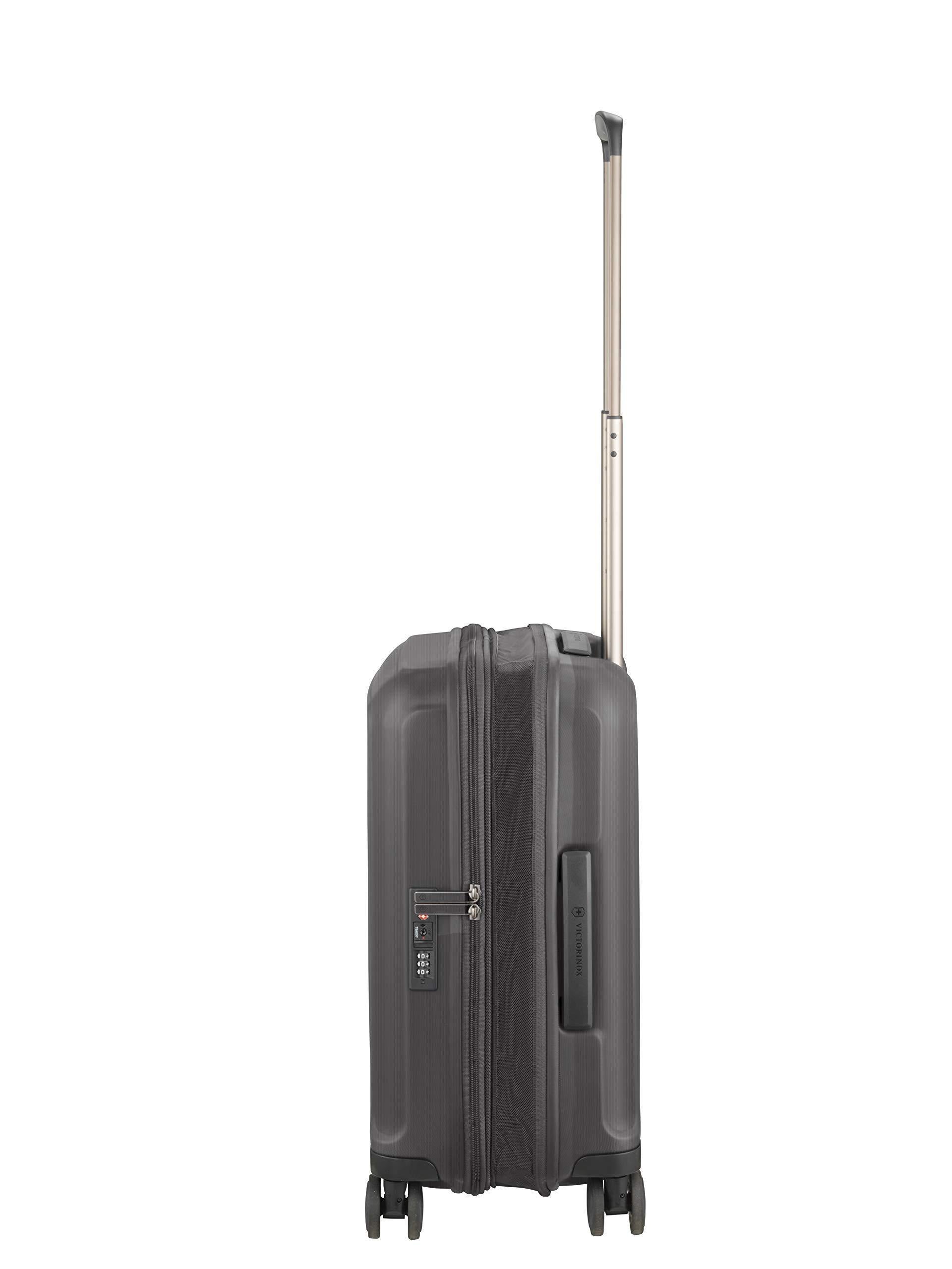 Color:Black The Werks Traveler 6.0 Global Hardside Carry-On features a numberof smart functions and elevated details while offering maximum packingcapacity and durability. The case is engineered with V-TriX Triple LayeredPolypropylene Composite which creates a lightweight and flexible case with aunique look - perfectly matching the nylon softside products of the samecollection. Exterior features: Swiss engineered 3-stop trolley system, 60mmdual caster Hinomoto wheels with Lisof silent tires for a smooth and quietroll, top and side soft-grip retractable haul handles, self healing YKK RCcoil-zippers, a hidden ID tray in the handle bezel that slides up to reveal aUSB port, pen and SIM card replacement tool, USB port connects to anintegrated USB cable that leads to a zippered interior hanging pocket where apower pack (not included) can be stored, expands up to 3 cm to increasepacking capacity, recessed Travel Sentry Approved combination lock allows TSAofficers to open the lock without destroying it and relock it afterinspection. The interior features: Pack More System which includes aremovable, expandable packing cube with a padded 15.4" laptop compartment. ThePack More cube provides organization and creates a flat packing surface forwrinkle-free transport of clothing. Also included on the interior are azippered divider wall that creates two separate packing spaces, x-shapedcompression straps to keep belongings in place during transit, a removablesuiter for packing hanging clothing and two zippered mesh pockets ideal foraccessories. 7.5 lb / 3.4 kg. 1953 cu in / 32 L [Expands to 2319 cu in / 38L]. 1 + 10 Years Warranty.
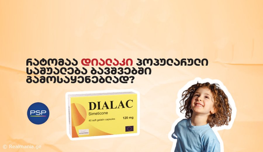 მისი აქტიური შემადგენელი ნივთიერება სიმეტიკონია. წვეთები შინაგანი მიღებისთვის არის განკუთვნილი და ბანანის გემო აქვს — ამიტომაც უყვართ იგი განსაკუთრებით ბავშვებს. დიალაკი გამოიყენება შებერილობის სიმპტომების მოსახსნელად და განკუთვნილია ყველა ასაკობრივი ჯგუფისთვის. მოდით, უკეთ გავერკვეთ მის თვისებებში:
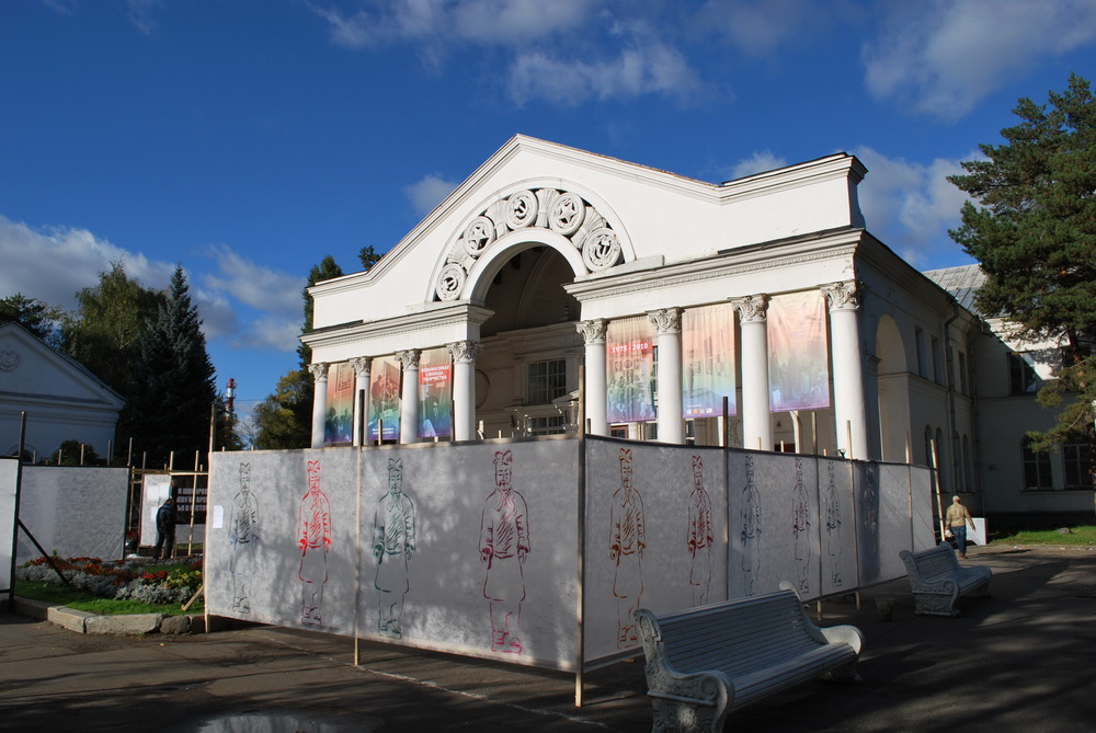 «ДК ВДНХ» или «Дом культуры» - это легендарная выставка 1975 года. Тогда, год спустя после «Бульдозерной», а еще после «Измайлво» и «Пчеловодства» молодые художники при помощи инициативной группы пробили себе экспозиционную площадку и не струсили, когда их под открытие попытались отцензурировать. Это, конечно, не реконструкция выставки 35-летней давности. Это именно воспоминание о ней, посвящение, мемориал. «Невыносимую свободу творчества» (http://artinvestment.ru/news/exhibit...boda_vdnh.html) с выставкой 1975 объединяет главным образом место (которое за треть века не изменилось) и отдельные имена участников. В том числе и представляющих организаторов – нынешнюю выставку сделал тоже Михаил Одноралов. Сейчас надо понимать той молодежи уже крепко за 60. Многие стали корифеями неофициального искусства, классиками. Поэтому решение добавить к работам «стариков» молодой крови было очень правильным.

• **WHAT YOU SHOULD DO**
Set the listing down verbatim, excluding pictures.

• **THE ANSWER**
 Color:Black The Werks Traveler 6.0 Global Hardside Carry-On features a numberof smart functions and elevated details while offering maximum packingcapacity and durability. The case is engineered with V-TriX Triple LayeredPolypropylene Composite which creates a lightweight and flexible case with aunique look - perfectly matching the nylon softside products of the samecollection. Exterior features: Swiss engineered 3-stop trolley system, 60mmdual caster Hinomoto wheels with Lisof silent tires for a smooth and quietroll, top and side soft-grip retractable haul handles, self healing YKK RCcoil-zippers, a hidden ID tray in the handle bezel that slides up to reveal aUSB port, pen and SIM card replacement tool, USB port connects to anintegrated USB cable that leads to a zippered interior hanging pocket where apower pack (not included) can be stored, expands up to 3 cm to increasepacking capacity, recessed Travel Sentry Approved combination lock allows TSAofficers to open the lock without destroying it and relock it afterinspection. The interior features: Pack More System which includes aremovable, expandable packing cube with a padded 15.4" laptop compartment. ThePack More cube provides organization and creates a flat packing surface forwrinkle-free transport of clothing. Also included on the interior are azippered divider wall that creates two separate packing spaces, x-shapedcompression straps to keep belongings in place during transit, a removablesuiter for packing hanging clothing and two zippered mesh pockets ideal foraccessories. 7.5 lb / 3.4 kg. 1953 cu in / 32 L [Expands to 2319 cu in / 38L]. 1 + 10 Years Warranty.
 მისი აქტიური შემადგენელი ნივთიერება სიმეტიკონია. წვეთები შინაგანი მიღებისთვის არის განკუთვნილი და ბანანის გემო აქვს — ამიტომაც უყვართ იგი განსაკუთრებით ბავშვებს. დიალაკი გამოიყენება შებერილობის სიმპტომების მოსახსნელად და განკუთვნილია ყველა ასაკობრივი ჯგუფისთვის. მოდით, უკეთ გავერკვეთ მის თვისებებში:
 «ДК ВДНХ» или «Дом культуры» - это легендарная выставка 1975 года. Тогда, год спустя после «Бульдозерной», а еще после «Измайлво» и «Пчеловодства» молодые художники при помощи инициативной группы пробили себе экспозиционную площадку и не струсили, когда их под открытие попытались отцензурировать. Это, конечно, не реконструкция выставки 35-летней давности. Это именно воспоминание о ней, посвящение, мемориал. «Невыносимую свободу творчества» (http://artinvestment.ru/news/exhibit...boda_vdnh.html) с выставкой 1975 объединяет главным образом место (которое за треть века не изменилось) и отдельные имена участников. В том числе и представляющих организаторов – нынешнюю выставку сделал тоже Михаил Одноралов. Сейчас надо понимать той молодежи уже крепко за 60. Многие стали корифеями неофициального искусства, классиками. Поэтому решение добавить к работам «стариков» молодой крови было очень правильным.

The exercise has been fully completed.